Multi-Domain Dialogue State Tracking based on State Graph
This work addresses the challenge of extracting accurate dialogue states in multi-domain conversations, which is crucial for improving virtual assistants and chatbots, representing an incremental advancement over prior methods.
The paper tackles the problem of multi-domain Dialogue State Tracking with open vocabulary by constructing a dialogue state graph to properly connect domains, slots, and values, avoiding spurious attention connections in Transformers. It achieves a new state of the art on the task, outperforming existing open-vocabulary DST approaches while remaining efficient.
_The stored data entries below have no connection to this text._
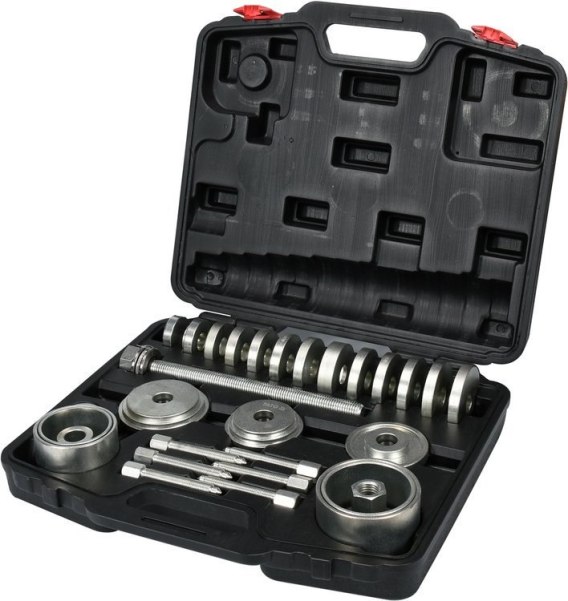 Zawartość zestawu: pierścienie x14|tuleja wyciskowa x4 (O76 mm, O83 mm, O91 mm, O102 mm)|śruba do demontau piast x6 (M12x1.5 mm x3, M14x1.5 mm x3)|tulejka redukcyjna|wrzeciono (38 mm, L=300 mm)|nakrętka wrzeci
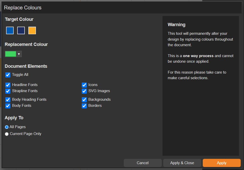 This tool will permanently alter your design by replacing colours throughout the documents - please take care when making your selections, as this is a one way process and cannot be undone once applied.
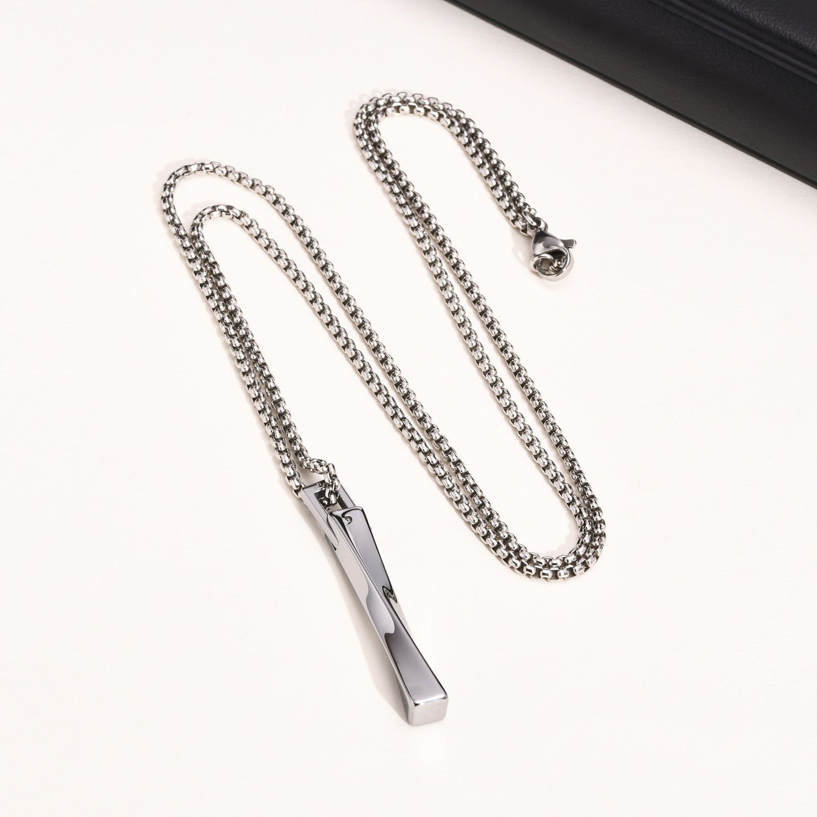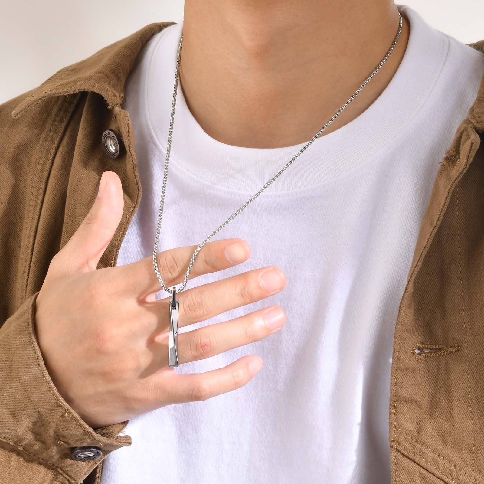 スティック型ペンダントは長さ35mm、幅5mmと絶妙なサイズ感。チェーンは60cmとやや長めで、シャツの上からも中からも好バランス。素材はアレルギーに強いステンレス製で、肌にも優しく、デイリー使いにも安心。
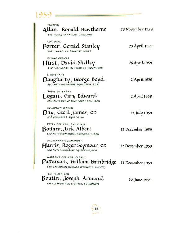 | 80002035 | Daugharty | George Boyd | April 2, 1959 | Lieutenant | 880 Anti-Submarine Squadron, RCN |
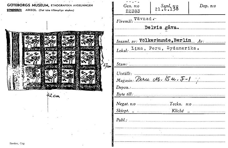 • GOTEBORGS MUSEUM, ETNOGRAFISKA AVDELNINGEN ~Il ARKEOL (Det icke tillämpliga strykes) Elanders, Gbg Gen. no 22383 Sam1 ity g 21.6. Dep. n:o Föremål: Vävnad :- Delvis.. gåva.. _. hisaml. av: Irö lke rim... Visa hela
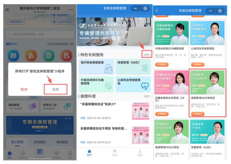 2.跳转至“渝悦全病程管理”小程序 ➡ 点击首页特色专病服务 ➡ 点击全部➡ 选择戒烟管理
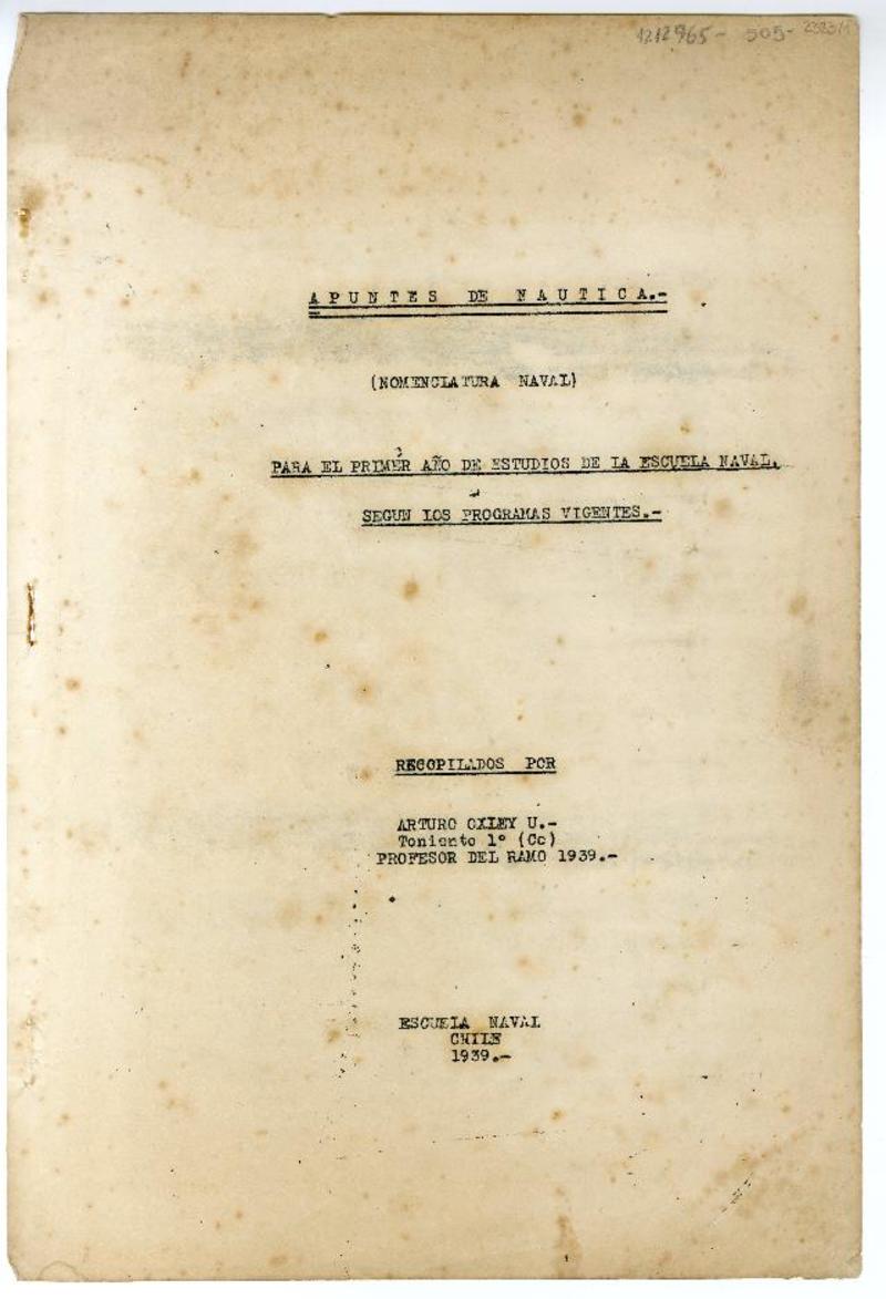 Apuntes de naútica : Para el primer año de estudios de la Escuela Naval [manuscrito] Recopilados por Arturo Oxley.
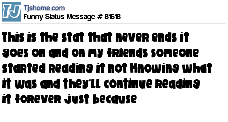 - # 32340 (SINGS) this is the Song that Never ends.. it just goes on and on my friend.. Some ppl started singing it not knowing what it was, & they'll continue singing it 4ever just because... LOL!! Bet your singing it now too! YW!
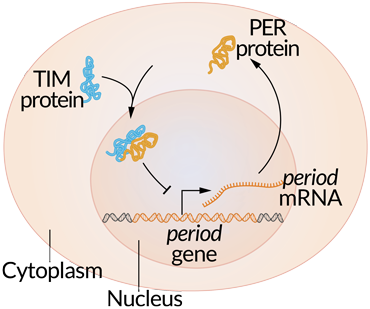 It wasn’t immediately apparent how the gene regulated fruit fly activity. In 1990, Hall and Rosbash determined that levels of period’s messenger RNA — an intermediate step between DNA and protein — fell as levels of period’s protein, called PER, rose. That finding indicated that PER protein shuts down its own gene’s activity.
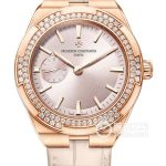Basic Information: Product Code: 2305V/000R-B077; Brand: Vacheron Constantin; Series: Overseas; Movement Type: Automatic; Gender: Ladies; Movement Model: 5300; Movement Type: Automatic; Manufacturer: Vacheron Constantin; Movement Diameter: 22.60 mm; Movement Thickness: 4 mm; Frequency: 28,800 rpm; Number of Jewels: 31; Number of Parts: 128; Power Reserve: 44 hours; Functions: Geneva Seal Technical Certification: Geneva Seal Certification Appearance: Case Diameter: 37mm Case Thickness: 10.8mm Dial Color: Pink Dial Shape: Round Strap Color: Pink Clasp Type: Folding Clasp Case Back: Transparent Weight: 117g Water Resistance: 150m Hour Marker Type: Bat Hour Markers Luminous Clasp Spacing: Not Available Lug Spacing: Not Available Materials: Case Material: 18K Pink Gold Dial Material: Rose pink smooth and sunburst satin brushed dial with velvety smooth minute markers; 18K gold hour markers, hour and minute hands with white luminous coating Bezel Material: 18K Pink Gold, set with 84 round-cut diamonds, approximately 1 carat Crystal Material: Sapphire Crystal Crown Material: 18K Pink Gold Strap Material: Mississippi Alligator Leather (also available with beige calfskin and beige rubber straps) Clasp Material: 18K Pink Gold Function: Antimagnetic
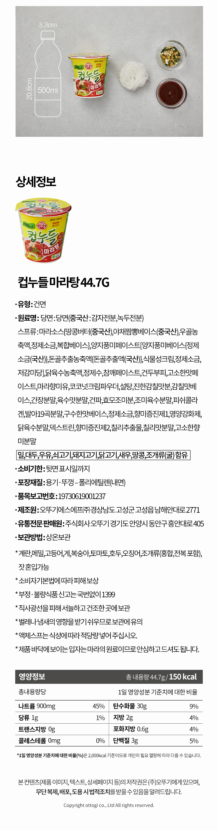 | 포장단위별 내용물의 용량(중량),수량 | [오뚜기] 컵누들 마라탕 (컵) 44.7g,6개,중량으로 표기되는 상품은 크기를 기재할 수 없음 |
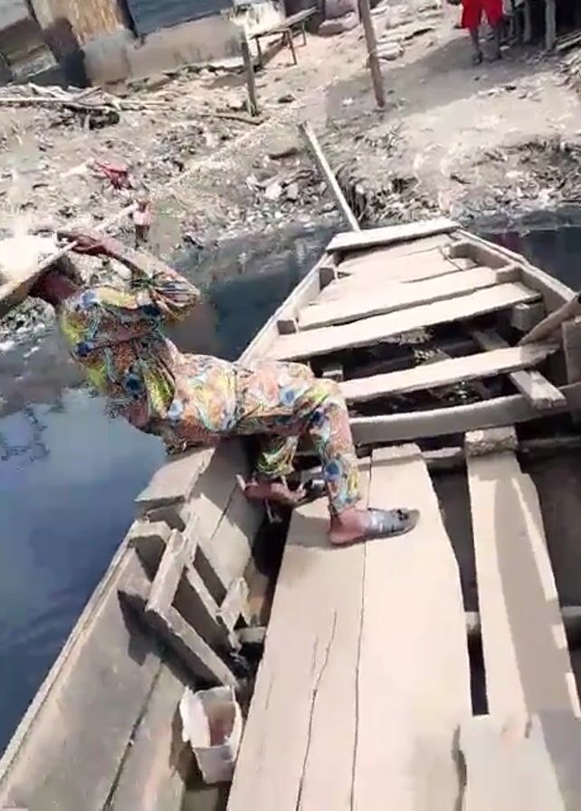 A man wearing a wide-brimmed hat and colorful patterned clothing is seen in a small wooden boat. He is using a white pole to pull the boat along a narrow waterway. The waterway is littered with trash and debris on the banks. The boat appears to be homemade. There are buildings and other people visible in the background. The man is barefoot and wearing sandals. He is leaning out over the side of the boat.
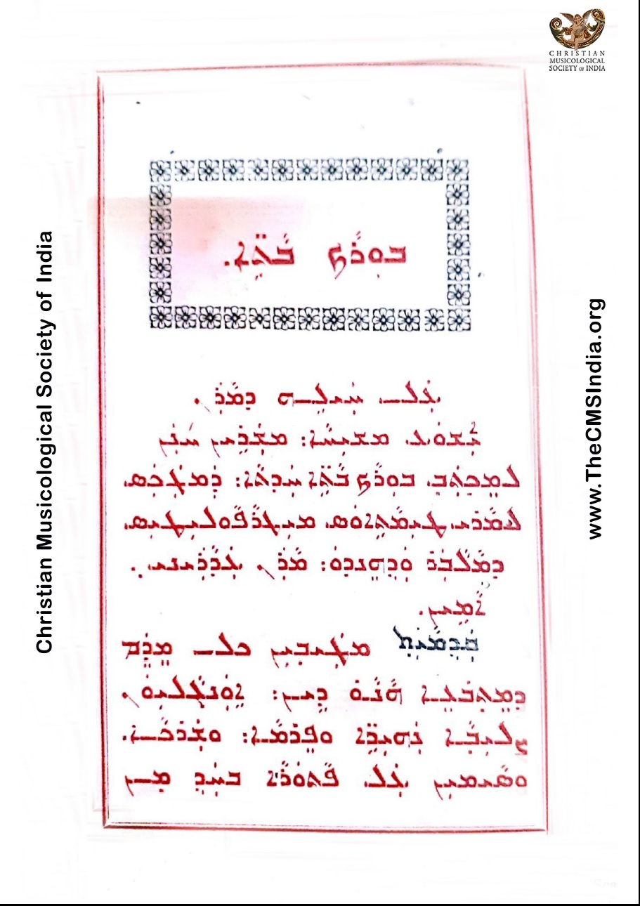 വി .മാർ അബിമലേക്ക് തിമാഥെയോസ് മെത്രാപ്പോലീത്തായാൽ വിരചിതമായ പൗരസ്ത്യ കൽദായ സുറിയാനി സഭയുടെ ഭവന വെഞ്ചിരിപ്പ് (Burakh Bathe) ശുശ്രൂഷ ക്രമം (1937)
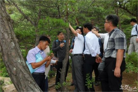 남북은 8일 금강산 지역에서 산림병해충 현황을 공동으로 점검했다.
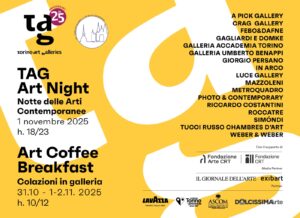Per il quarto anno consecutivo, TAG propone la sua iniziativa mattutina dedicata al pubblico dell’arte contemporanea: le TAG – Art Coffee Breakfast. I visitatori potranno recarsi nelle gallerie associate Venerdì 31 ottobre e sabato 1 e domenica 2 novembre 2025 | ore 10 – 12 e partecipare alle “colazioni con l’arte”, un momento conviviale per incontrare artisti, galleristi e curatori.
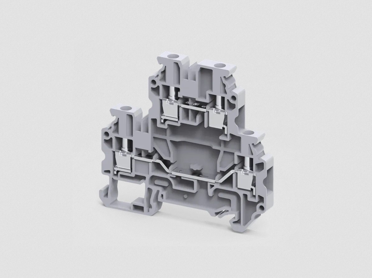 Клемма на дин-рейку, 4 кв.мм, 2 ур., 4 конт, винтовая, серая
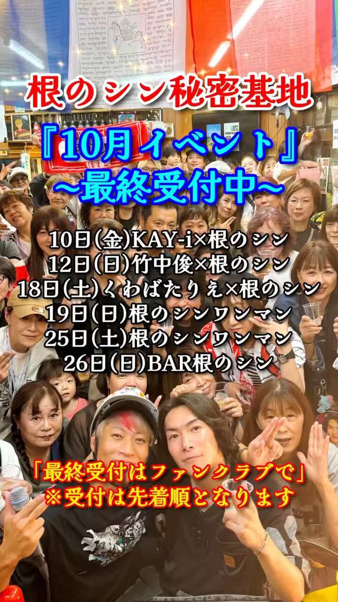 【最終受付中】 『秘密基地10月イベント』 10日(金)KAY-i×根のシン 12日(日)竹中俊×根のシン 18日(土)くわばたりえ×根のシン 19日(日)根のシンワンマン 25日(土)根のシンワンマン 26日(日)BAR根のシン community.camp-fire.jp/projects/view/… ※受付は先着順となります #kayi #竹中俊 #くわばたりえ #右手左手
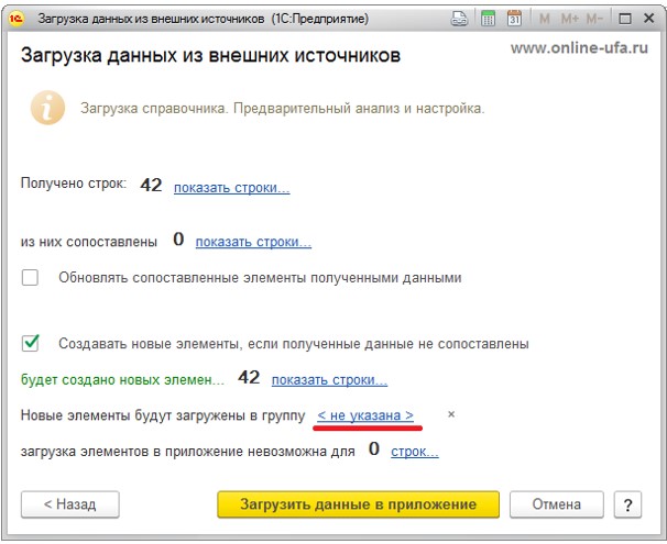Если данные загружаем в пустой справочник, то выбираем параметр «Создавать новые элементы, если полученные данные не сопоставлены», а параметр «Обновлять сопоставленные элементы полученными данными» наоборот не выбираем.
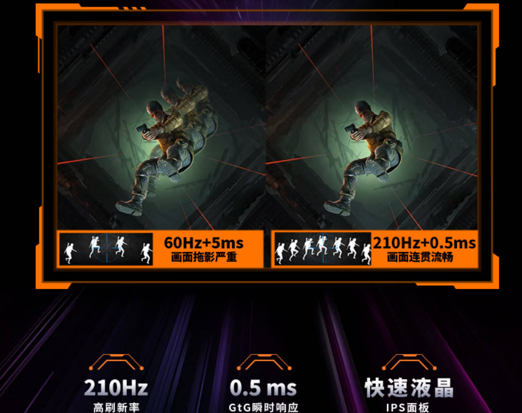 显示器采用快速IPS面板,原生响应时间低至1ms(GTG),搭配微星独家的Overdrive加速技术,能够进一步缩短响应时间,有效消除画面拖影与鬼影,让玩家在高速移动的场景中,也能获得清晰流畅的视觉体验,提升瞄准的精准度。此外,这款显示器还支持Adaptive-Sync同步技术,能够实现显示器刷新率与显卡帧率的实时同步,有效消除画面撕裂与卡顿现象,无论是高帧率还是低帧率场景,都能呈现出流畅的画面效果,能够充分发挥2K+210Hz的极致优势,让《三角洲行动》的画面体验更上一层楼。
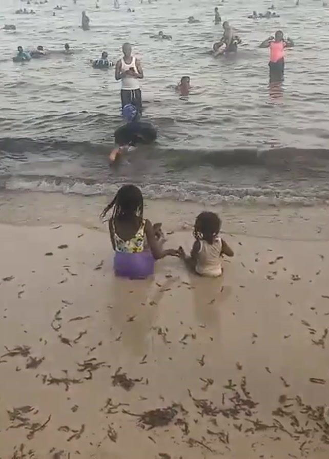 crowded beach scene with two young children, likely girls, sitting in the wet sand near the water's edge. They are facing the ocean, and there are many people swimming and standing in the water behind them. The girl on the left is wearing a floral top and purple shorts, while the other girl is wearing a white outfit. There are bits of seaweed scattered on the sand. A person walks past the children on the right side of the frame carrying a bag. The atmosphere seems relaxed, and people are enjoying the water.
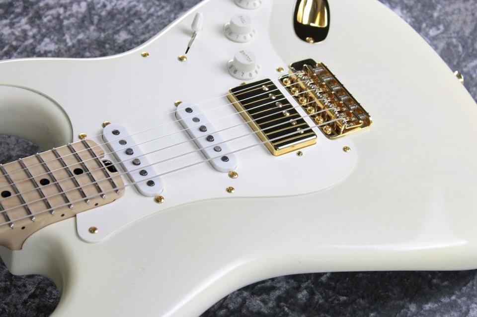 アッシュボディにメイプル1ピースネック、リアPUにハムバッカーを搭載したSSHストラトスタイルの本機。
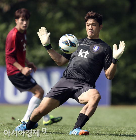 [아시아경제 정재훈 기자] 홍명보 감독이 이끄는 축구국가대표팀이 말리와의 평가전을 하루 앞둔 14일 오전 파주NFC에서 공식 훈련을 가졌다. 정성룡이 몸으로 슈팅을 막아내고 있다.정재훈 기자 roze@asiae.co.kr<ⓒ세계를 보는 창 경제를 보는 눈, 아시아경제(www.asiae.co.kr) 무단전재 배포금지>

We investigate the problem of multi-domain Dialogue State Tracking (DST) with open vocabulary, which aims to extract the state from the dialogue. Existing approaches usually concatenate previous dialogue state with dialogue history as the input to a bi-directional Transformer encoder. They rely on the self-attention mechanism of Transformer to connect tokens in them. However, attention may be paid to spurious connections, leading to wrong inference. In this paper, we propose to construct a dialogue state graph in which domains, slots and values from the previous dialogue state are connected properly. Through training, the graph node and edge embeddings can encode co-occurrence relations between domain-domain, slot-slot and domain-slot, reflecting the strong transition paths in general dialogue. The state graph, encoded with relational-GCN, is fused into the Transformer encoder. Experimental results show that our approach achieves a new state of the art on the task while remaining efficient. It outperforms existing open-vocabulary DST approaches.